BNP Paribas is reportedly close to inking a $9 billion settlement with regulators over its alleged dealings with sanctioned countries. For employees of the French bank, the ten-figure settlement isn’t nearly as important as the fine print.

As part of the arranged deal, which has still yet to be consummated, BNP will let go as many as 30 employees that were thought to be culpable for the bank’s behind-the-scenes dealings with the Iranians and Sudanese, as well as those who helped shade the transactions from U.S. authorities.

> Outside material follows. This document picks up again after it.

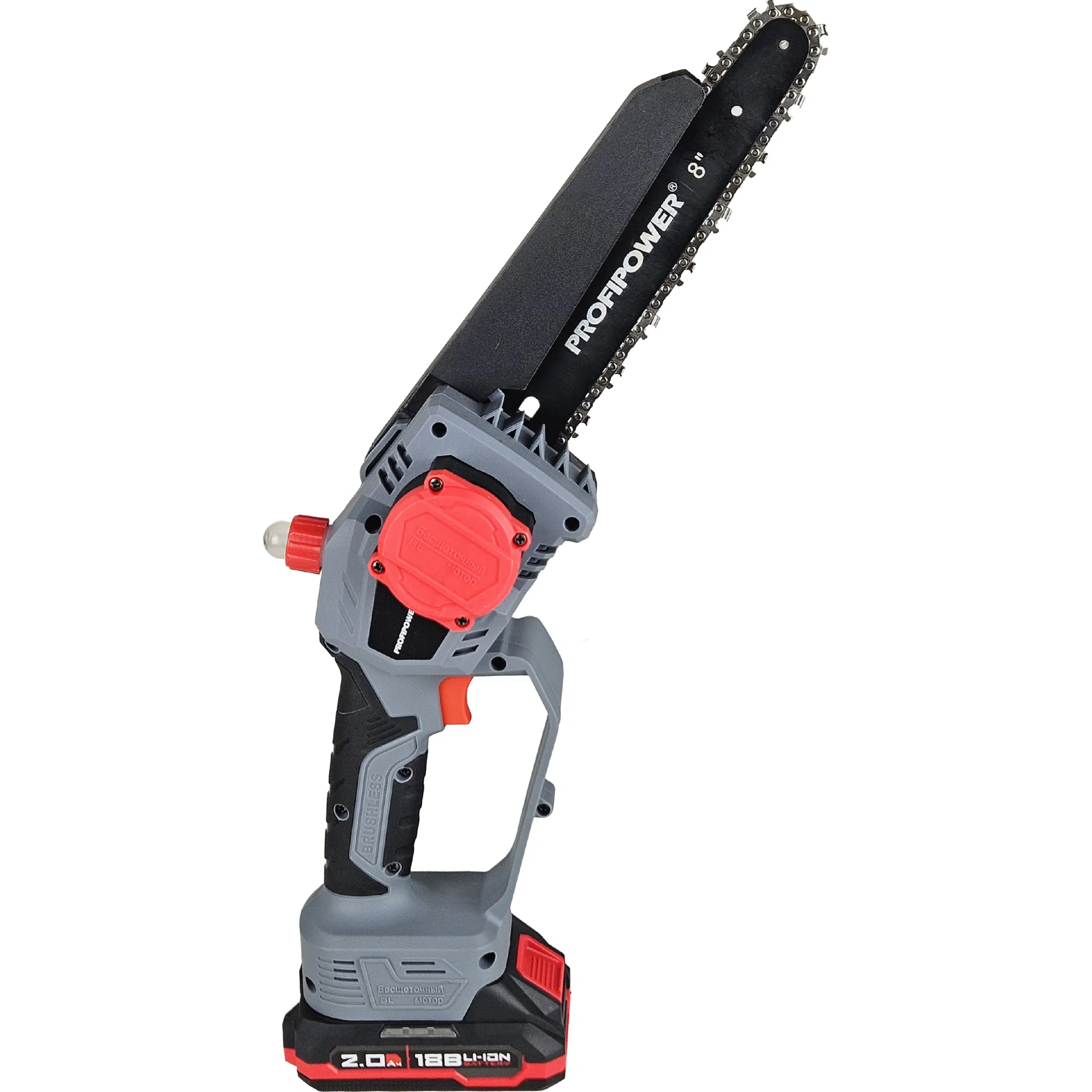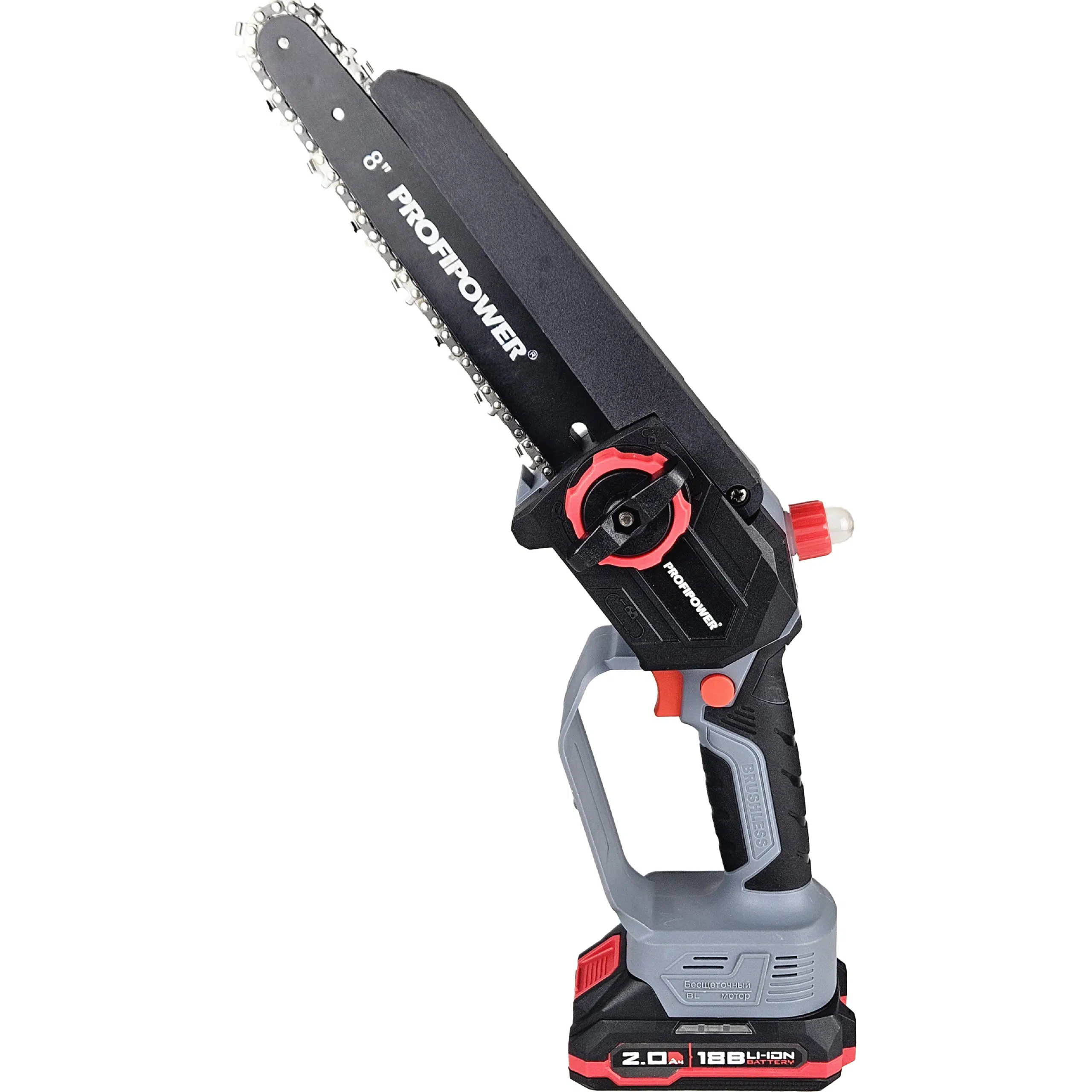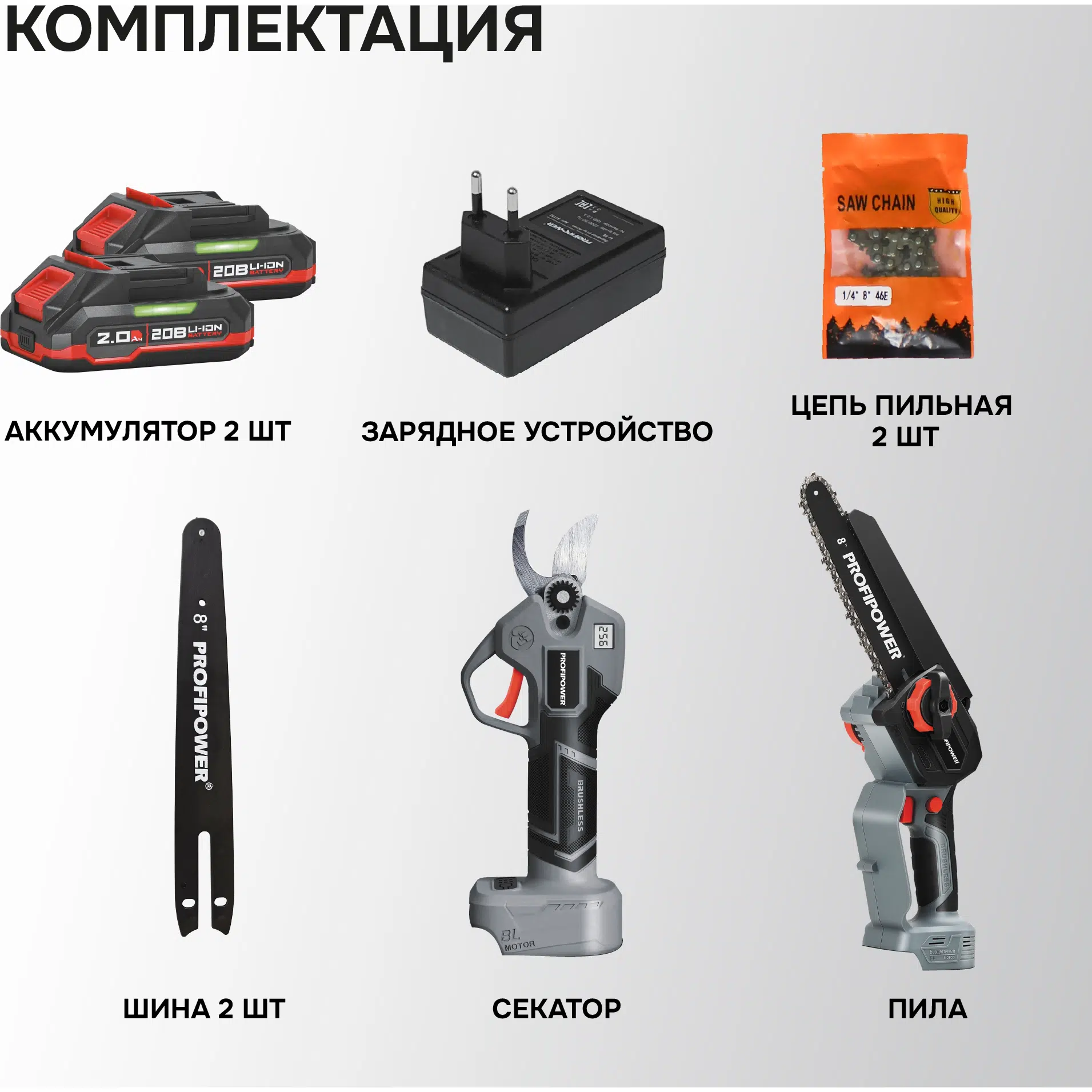 В комплекте: коробка, мини-пила с масляной подачей, секатор, 2 цепи и шины по 8 дюймов

But, as the Wall Street Journal reported, most of those 30 employees, including Chief Operating Officer Georges Chodron de Courcel, are already on their way out. The real sub-header of the proposed agreement is BNP’s temporary ban on trading in U.S. dollars. While the full impact of that stipulation is still unclear, it’s likely to have a negative effect on client relationships and hundreds of employees.

Being unable to make U.S. dollar transactions won’t deprive BNP of a significant form of revenue, but it will prohibit the bank from offering a relatively routine and critical service to clients. Some may have to migrate to rival banks during the temporary ban, which will likely last several months, according to the Journal.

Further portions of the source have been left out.